Brand Architecture Strategy

  • Help brand managers in deciding which products/service to launch and which brand elements to use for both new and existing products
    • STEP1: Define brand potential
      • Consider brand vision, brand boundaries and brand positioning
    • STEP2: Identify brand extension opportunities
      • Line vs category extensions
    • STEP3: Brand new products and services
      • Decide on the branding elements and positioning

Brand Extensions

  • Brand extension is a new product introduced under an existing brand name
    • Category extension: New product introductions outside existing categories
    • Line extension: New product introductions within existing categories

Line Extensions

  • Adding a new product within the category
    • Line extensions includes:
      • Low-end entry-level product extensions (e.g. iPhone SE)
      • Premium line extensions (e.g. iPhone 13 Pro Max)

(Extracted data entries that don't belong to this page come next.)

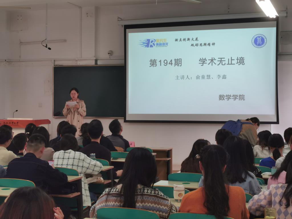 为帮助研究生进一步做好学业规划,培养研究生的学术兴趣,浓厚学习氛围,2021年11月2日下午,数学学院于翡翠湖校区十教202室成功举办了学院第194期研究生博睿沙龙。本期活动以“学术无止境”为主题,邀请到学院优秀青年教师李鑫和俞童慧主讲,百余名数学学院研究生参与活动。
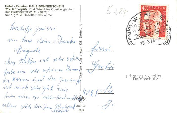 74097154 alte Postkarte Morkepuetz Wiehl Oberbergischer-Kreis NRW Hotel Pension Haus Sonnenschein postalisch gelaufen Erhaltung siehe scans [FriedD77] KatCode: 11110005374048
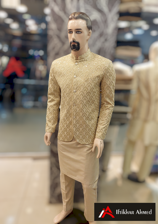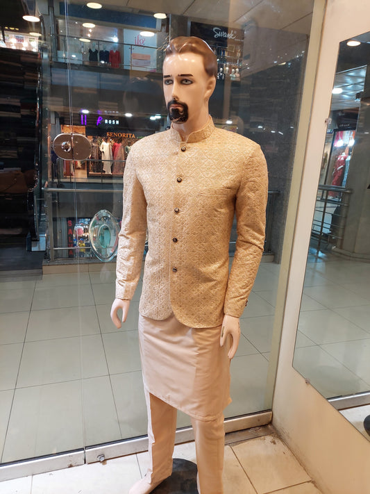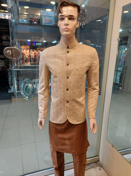 Beige Prince Coat - Masoori Fabric , Dark Brown Kurta Pajama
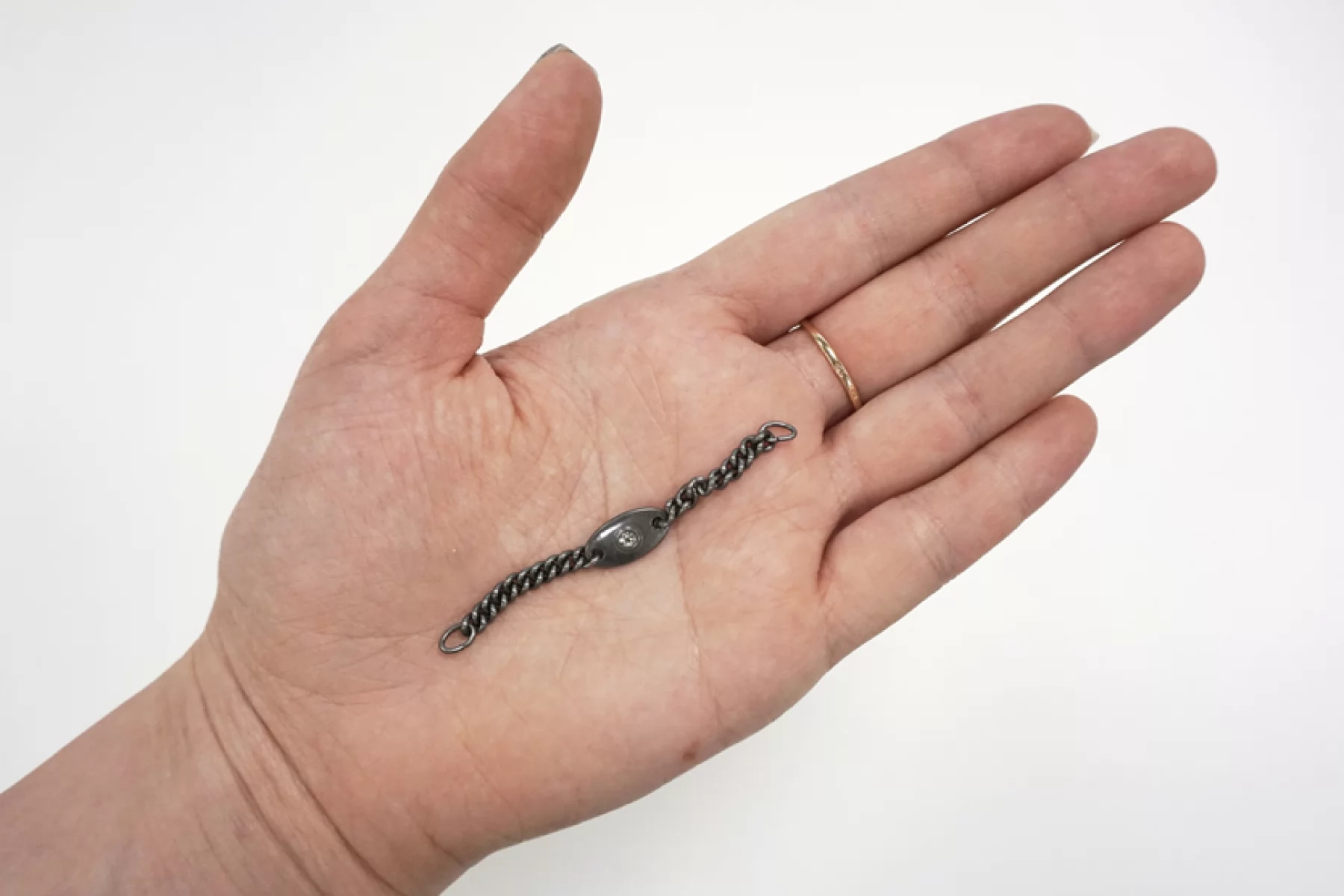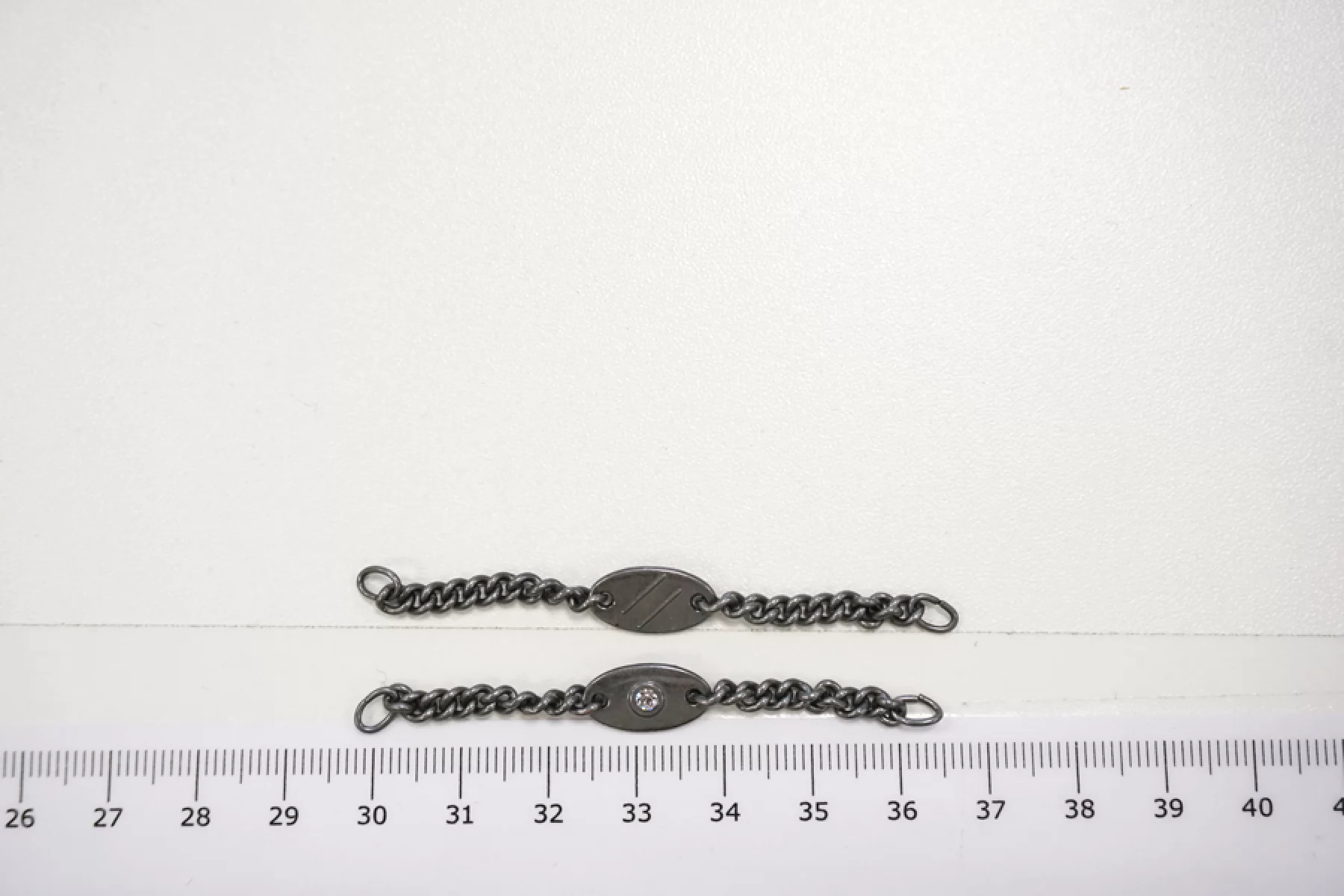 Пришивная вешалка-цепочка из серебристого металла, со стразой. Длина цепочки - 6,5 см. Предназначена для хранения курток, пальто, тренчей и другой верхней одежды на крючках.

Line vs Category Extensions

  • Line Extensions
    • Less likely to fail
    • But bigger potential for brand equity damage
  • Category Extensions
    • Less likely to succeed
    • But little to no damage to parent brand in existing category
    • But beware of resource drain and loss of focus

Consolidating Brands

  • Reducing your brand portfolio

Brand Consolidation

  • Less is more now more than ever
  • The 80/20 rule does usually apply!
  • There are always weaker brands/product lines
  • Focus resources on the strongest brands

Brand Consolidation: Considerations

  • Make your Brand Architecture an explicit choice
    • Use the Brand architecture spectrum
  • Decide on the Brand Portfolio that will form the Architecture
    • Not what brands to kill, what brands to keep
    • Consider Brand Equity, Segments, Profits and Internal Politics
  • Work out the best route to get to the final destination
    • Be gentle, but risk the costs and confusion
    • Be brutal, but risk the internal friction

Co-Branding

  • Another way to build brand portfolio
  • Two or more brands combined into a joint product or marketed together
  • Partnership activities to create synergy in marketing and branding
    • Advantages:
      • Borrow needed expertise
      • Leverage equity you don’t have
      • Reduce cost of product introduction
      • Expand brand meaning into related categories
      • Source of additional revenue
    • Disadvantages:
      • Loss of control
      • Risk of brand equity dilution
      • Negative feedback effects
      • Lack of brand focus and clarity
      • Organizational distraction

Guideline for Co-branding

  • Both brands should have…
    • Adequate brand awareness
    • Sufficiently strong favorable and unique associations
    • Positive consumer judgments and feelings
    • Potential brand equity
    • A logical fit between brands
  • Questions to ask before co-branding
    • What capabilities do we not have?
    • What resource constraints do we face (people, time, money)?
    • What growth goals or revenue needs do we have?
    • Is it a profitable business venture?
    • How does it help to maintain or strengthen brand equity?
    • Is there any possible risk of dilution of brand equity?

Ingredient Branding

  • A special case of co-branding
  • Aims to create brand equity for materials or components contained within other branded products.
  • Ingredient brands often reduce risks and reassure consumers, so they are a signal of quality.
  • Ingredient brands try to generate significant awareness and preference for their products
  • One product may contain several branded ingredients

Guideline for Ingredient Branding

  1. Consumers must know why the ingredient matters
  2. They also acknowledge that not all ingredient are the same (Intel vs. AMD)
  3. A distinctive symbol or logo must be clearly shown in the host product
  4. Finally, a coordinated marketing program must be put into place

What have I told you?

  1. Brand architecture concerns how you structure and manage your brand portfolio
  2. Your brand architecture should be guided by your branding strategy
  3. Brand extensions and co-branding should add to, not mimic or harm your brand equity
  4. When managing your brand portfolio, many times, less is more.